**WHAT THE TASK REQUIRES**
The part below that opens with the line containing "10440 MINI Topfhalter" and closes with the line containing "Leves, de fácil" should be copied exactly, minus any pictures.

**MATERIAL FOR THIS EXERCISE**
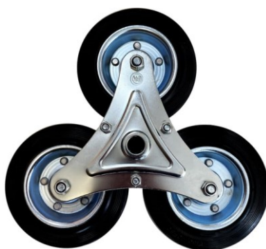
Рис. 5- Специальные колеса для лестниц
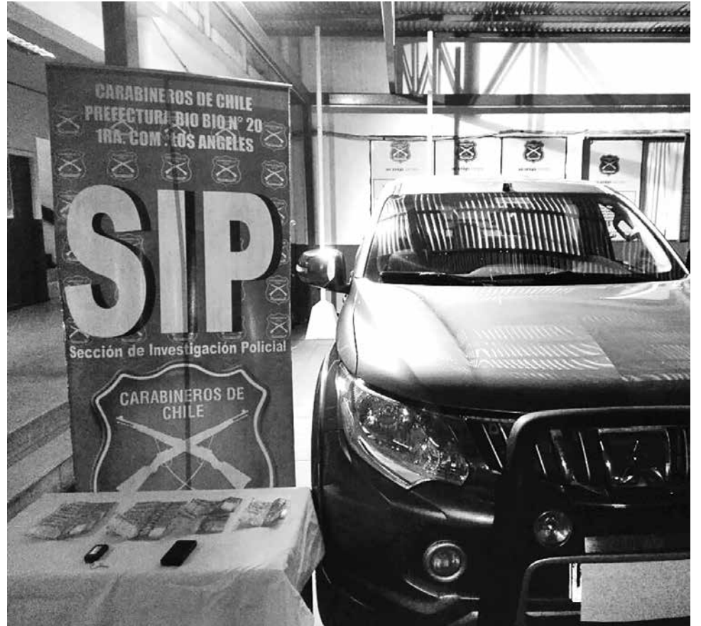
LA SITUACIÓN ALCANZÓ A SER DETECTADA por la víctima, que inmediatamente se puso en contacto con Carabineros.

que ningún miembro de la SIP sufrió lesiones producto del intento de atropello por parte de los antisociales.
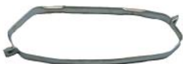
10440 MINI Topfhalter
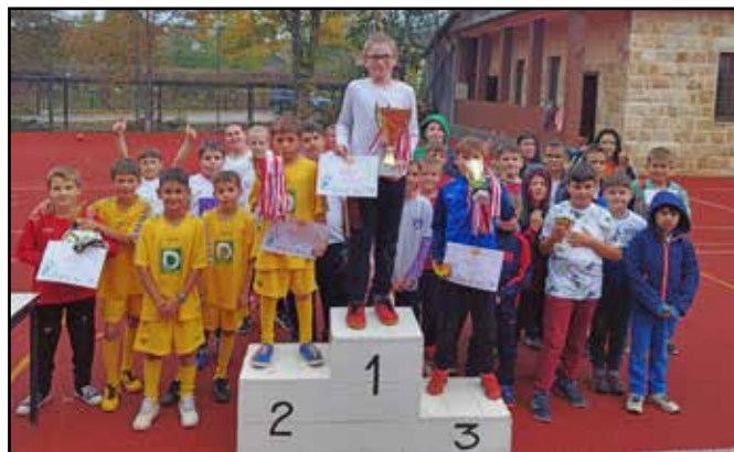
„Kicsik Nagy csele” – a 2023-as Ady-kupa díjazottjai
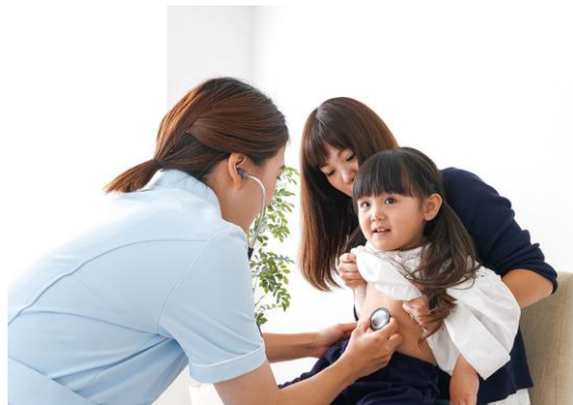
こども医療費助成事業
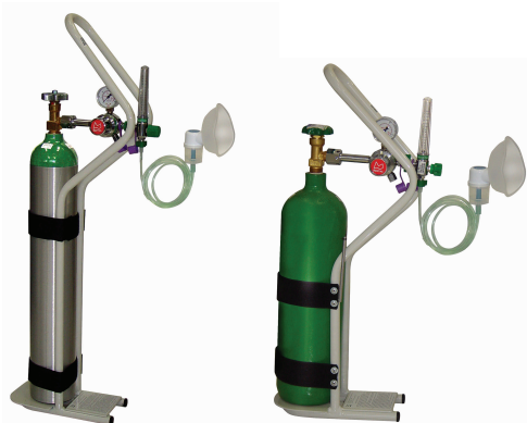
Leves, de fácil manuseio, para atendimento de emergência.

...

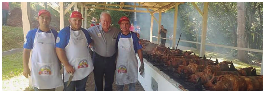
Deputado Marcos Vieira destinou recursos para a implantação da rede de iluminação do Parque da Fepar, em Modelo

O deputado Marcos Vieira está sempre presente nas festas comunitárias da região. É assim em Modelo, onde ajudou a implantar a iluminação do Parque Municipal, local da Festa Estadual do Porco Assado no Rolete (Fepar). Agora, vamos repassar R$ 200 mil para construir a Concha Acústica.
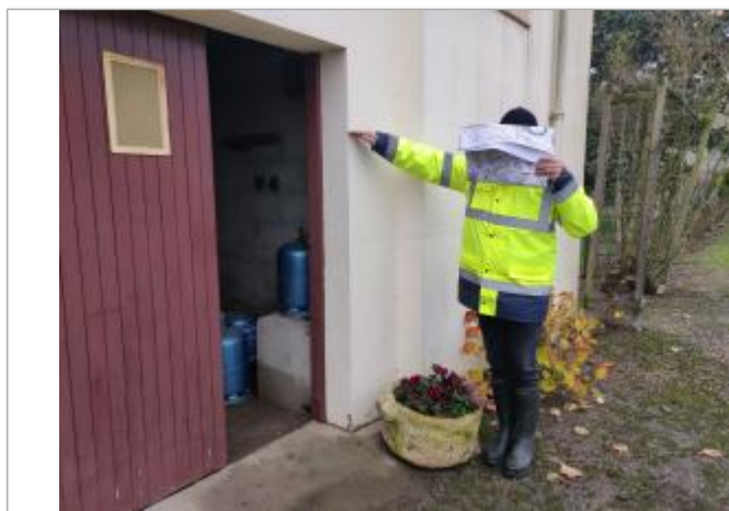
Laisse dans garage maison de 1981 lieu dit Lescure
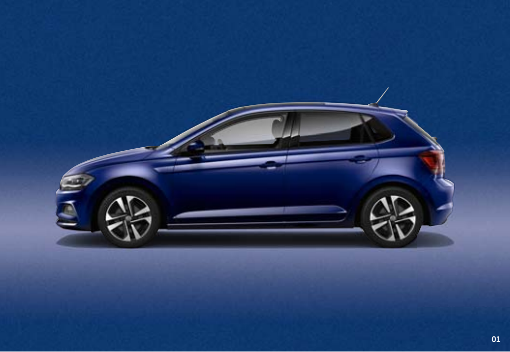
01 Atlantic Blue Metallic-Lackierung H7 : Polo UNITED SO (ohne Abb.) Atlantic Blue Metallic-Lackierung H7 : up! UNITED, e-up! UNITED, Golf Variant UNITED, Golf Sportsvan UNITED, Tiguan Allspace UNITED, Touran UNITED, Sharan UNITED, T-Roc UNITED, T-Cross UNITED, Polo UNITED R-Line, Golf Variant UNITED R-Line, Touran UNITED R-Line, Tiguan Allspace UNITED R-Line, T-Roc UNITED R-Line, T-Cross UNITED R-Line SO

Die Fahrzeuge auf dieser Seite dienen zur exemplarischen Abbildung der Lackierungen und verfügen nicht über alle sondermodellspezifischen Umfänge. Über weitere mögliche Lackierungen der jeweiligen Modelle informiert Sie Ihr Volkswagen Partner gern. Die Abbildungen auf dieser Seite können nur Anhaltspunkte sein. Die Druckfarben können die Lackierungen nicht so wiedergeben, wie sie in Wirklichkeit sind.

**ANSWER SECTION**
10440 MINI Topfhalter
„Kicsik Nagy csele” – a 2023-as Ady-kupa díjazottjai
こども医療費助成事業
Leves, de fácil manuseio, para atendimento de emergência.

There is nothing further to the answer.